There are a lot of things actually, but the first thing that leaps to mind is the people. As my language skills have improved (they're still bad) I have become more confident about talking to Japanese that I meet on my walks, and the response has surpassed my expectations. People are overwhelmingly kind, generous and tolerant of my mistake-ridden sentences, and they do their best to answer my often strange questions.

When I came to Japan for the first time some years ago, I thought that Japanese people were supposed to be reserved, but that hasn't been my actual experience at all. This openness might be a Kansai thing, as a lot of Japanese have told me, but I feel like I've been treated the same way in Sapporo, Tokyo and Fukuoka.



Another revelation has been how messy Japan can sometimes be. The rock garden at Ryoan-ji is very stylistically pure and peaceful, but it's not terribly representative of a lot of the Japan that I see around me. The Japan that is cluttered with signs, wires, rusting steel and scruffy-looking apartment buildings.

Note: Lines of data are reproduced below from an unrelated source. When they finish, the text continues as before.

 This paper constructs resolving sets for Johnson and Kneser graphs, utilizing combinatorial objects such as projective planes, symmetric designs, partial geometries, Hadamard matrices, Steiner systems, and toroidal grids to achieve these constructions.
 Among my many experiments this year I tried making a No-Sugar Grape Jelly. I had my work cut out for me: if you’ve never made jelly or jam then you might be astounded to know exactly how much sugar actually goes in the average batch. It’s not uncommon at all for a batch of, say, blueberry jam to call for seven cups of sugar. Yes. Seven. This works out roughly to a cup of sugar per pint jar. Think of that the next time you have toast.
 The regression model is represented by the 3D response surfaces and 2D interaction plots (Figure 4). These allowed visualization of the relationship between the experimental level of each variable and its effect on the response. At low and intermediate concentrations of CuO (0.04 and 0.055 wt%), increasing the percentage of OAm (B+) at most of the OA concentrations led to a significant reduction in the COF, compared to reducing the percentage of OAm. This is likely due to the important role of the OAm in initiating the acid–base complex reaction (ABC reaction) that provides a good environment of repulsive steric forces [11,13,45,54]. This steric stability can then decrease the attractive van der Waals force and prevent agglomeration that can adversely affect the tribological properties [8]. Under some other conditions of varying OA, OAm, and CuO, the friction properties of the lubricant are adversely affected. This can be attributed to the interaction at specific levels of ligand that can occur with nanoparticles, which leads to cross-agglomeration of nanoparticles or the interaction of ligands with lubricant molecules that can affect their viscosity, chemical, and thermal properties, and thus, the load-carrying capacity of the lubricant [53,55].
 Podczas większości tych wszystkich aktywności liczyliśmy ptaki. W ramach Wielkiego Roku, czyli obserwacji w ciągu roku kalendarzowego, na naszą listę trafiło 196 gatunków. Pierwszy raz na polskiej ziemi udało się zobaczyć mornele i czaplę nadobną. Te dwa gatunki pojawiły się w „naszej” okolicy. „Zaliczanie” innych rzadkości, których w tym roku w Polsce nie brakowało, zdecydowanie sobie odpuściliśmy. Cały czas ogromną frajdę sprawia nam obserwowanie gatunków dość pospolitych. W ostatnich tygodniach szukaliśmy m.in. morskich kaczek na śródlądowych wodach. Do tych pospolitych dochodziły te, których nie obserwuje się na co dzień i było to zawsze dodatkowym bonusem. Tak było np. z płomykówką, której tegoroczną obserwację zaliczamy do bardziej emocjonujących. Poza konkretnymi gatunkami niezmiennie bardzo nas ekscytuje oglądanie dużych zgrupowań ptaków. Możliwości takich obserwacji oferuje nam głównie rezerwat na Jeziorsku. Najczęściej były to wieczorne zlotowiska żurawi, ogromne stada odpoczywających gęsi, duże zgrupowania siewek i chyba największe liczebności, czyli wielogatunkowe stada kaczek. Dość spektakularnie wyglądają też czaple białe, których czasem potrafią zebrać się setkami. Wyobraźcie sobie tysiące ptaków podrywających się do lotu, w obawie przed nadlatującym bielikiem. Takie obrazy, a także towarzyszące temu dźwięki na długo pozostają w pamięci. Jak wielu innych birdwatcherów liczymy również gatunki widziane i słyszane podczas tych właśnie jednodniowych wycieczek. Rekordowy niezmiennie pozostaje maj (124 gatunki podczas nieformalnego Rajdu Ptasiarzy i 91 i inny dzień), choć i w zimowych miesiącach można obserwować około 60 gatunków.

Before I came here I also expected that Japan would be very new and high-tech. I had read for example, that in big Japanese cities the average lifespan of a building is only around 25 years; that everything is quickly replaced with something newer. In many areas I'm sure that's true, but there are also many examples of the opposite phenomenon - old buildings and stores hanging on. And these places hardly seem to change at all, at least on the outside. They carry the same sign they put up in 1982 or whenever, even if it's worn, faded and totally out of fashion.

I like that. In my home country, the owners would be nervously concerned about what signals they would be sending out if their signs weren't new and pretty. There's an apparent lack of caring about appearances that you often come across outside the major shopping areas that I find refreshing.

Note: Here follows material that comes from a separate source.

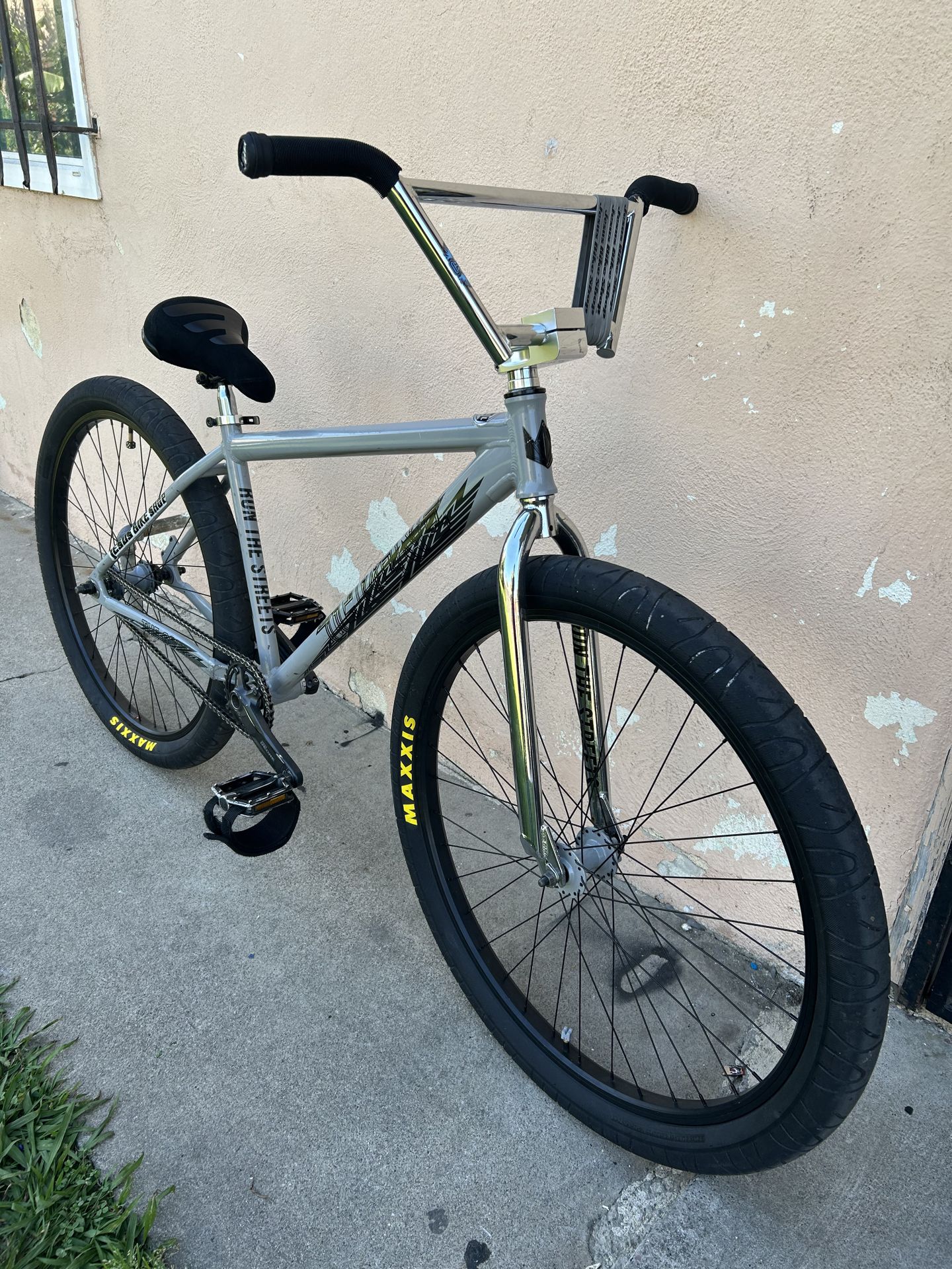 Throne coreline 29er A1. Mainly looking for Full trades but frame trade offers are welcome. ( NO HOAGIES ) Part list: Chrome Oaklands Black odi grips Chrome SE stem Chrome run the streets fork Front coreline Rim Maxxi hook worms 80% life Mafia logo seat black Chrome superslant Deore 32T New welgo straps Coreline black wheel with loud freewheel Half link chain brand new.

This goes for information signs too. I don't know how many rusted or weather-bleached signs I've seen on the streets here. In Sweden they would have been thrown away ages ago, but here they still serve their function. One unit of sign is still one unit of sign, even after wear and tear has made it barely legible anymore, it seems.

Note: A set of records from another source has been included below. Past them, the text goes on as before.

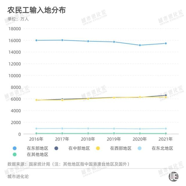 歷年的報(bào)告一直在打破“孔雀東南飛”的印象。僅看2016年到2021年,以京津冀、江浙滬、珠三角為代表的東部地區(qū),雖然吸納了過(guò)半的農(nóng)民工,但其總量已從15960 萬(wàn)人減少到15438萬(wàn)人,占比也從56.65%降至52.78%。
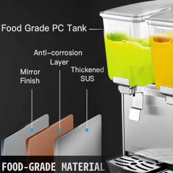 BRED ANVÄNDNING – Denna kommersiella, multifunktionella juice-dispenser är perfekt för framstående cateringföretag, såsom restaurangkedjor, livsmedelsbutiker, hotell, gym osv., för att rymma olika drycker som sojamjölk, milkshake, juice, cocktails, yoghurt, kaffe osv.
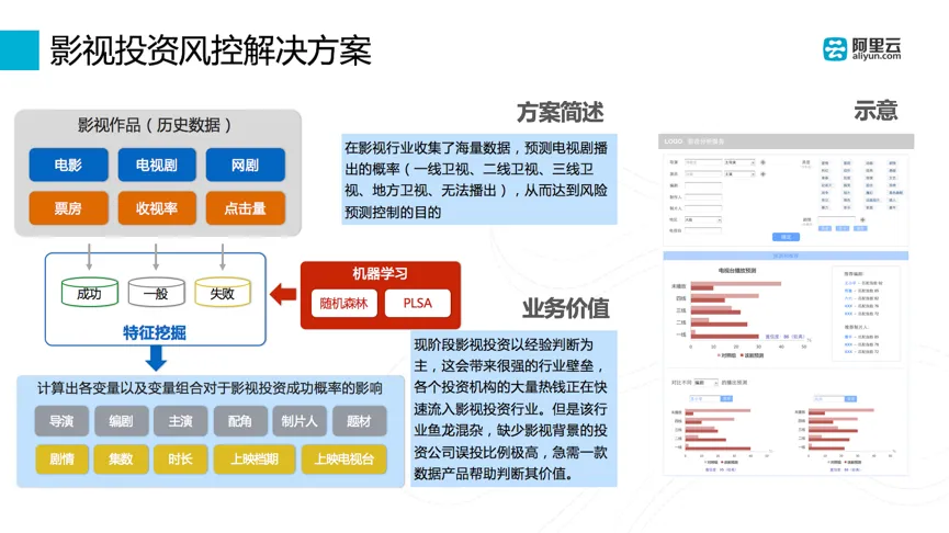 让文创有依:在娱乐影视领域,阿里云能基于多方数据源(如新浪微博的粉丝互动数据、UC上的明星搜索情况和八卦新闻、优酷土豆上的视频点播数据,以及电影票房和电视节目收视数据)综合计算出每一个明星的知名度和商业价值。将这些数据提供给影视圈内的各个商业环节,则有以下用途:帮助经纪公司评估艺人价值,更好的为旗下的每一个艺人设计商业定价策略;以及挖掘潜力新人,设计最优的培养策略;帮助品牌商挑选最match且性价比较高的代言人;帮助影视公司挑选合适的角色。这么说有点笼统,比如在影视投资上,就可以有一套方案基于剧本题材、创作班子、时下流行趋势等因素,告诉你影视上一线卫视、二线卫视、三线卫视风险是多少。“大数据就是猜那些未知的东西,通过数字化让决策变得有据可依。最后算出来这剧投资回报率是多少。”闵万里说。

I could go on and on, but I need to wrap this up. However, I can't finish without a quick mention of food. When I came to Japan my favorite Japanese food was sushi, but then I really couldn't get much else back in Sweden. Then it was katsudon for a while, but since my time in Sapporo there's one type of food that always fills me with a warm ball of happiness, and this passion has only increased during my semester in Kansai. I am talking of course about ...

2 comments:

  1. I feel like I should buy you a new pair of shoes, but am relieved that you would consider a nice bowl of ramen instead...

    Your blog has been consistently excellent in terms of originality, creativity, quality photos that do more than merely illustrate, methods, research... you have done what I hoped students would do with this blog assignment. Not many have reached my expectations. So many thanks and I hope you continue with your quality visual anthropology. You make me want to learn Swedish if only to be able to understand the translated romance novels. In the meantime I hope future visual anthro students will view your blog as a model.

    ReplyDelete
  2. Well, thank you gonthros-sensei for those very kind words. I'm glad my work was appreciated. Although I sometimes had a hard time getting started on the assignments, they always presented an interesting challenge.

    And let me say in return that I am very happy about what this class has done for me. I have always collected a lot of photographs and impressions during my travels, but I've never really sat down and done anything with them before. Visual Anthropology of Japan helped me break through that wall. Hopefully I can continue doing this in some form in future.

    But as for the romance novels - I wouldn't do that to you, having you read them. It's bad enough that I have to do it. Might make an interesting project though. They have them in Japanese too, you know. You can find them in Kinokuniya. What about a cross-reading - English, Swedish, Japanese? To see how original and translations from different cultures differ from each other? I'll have to get back to that.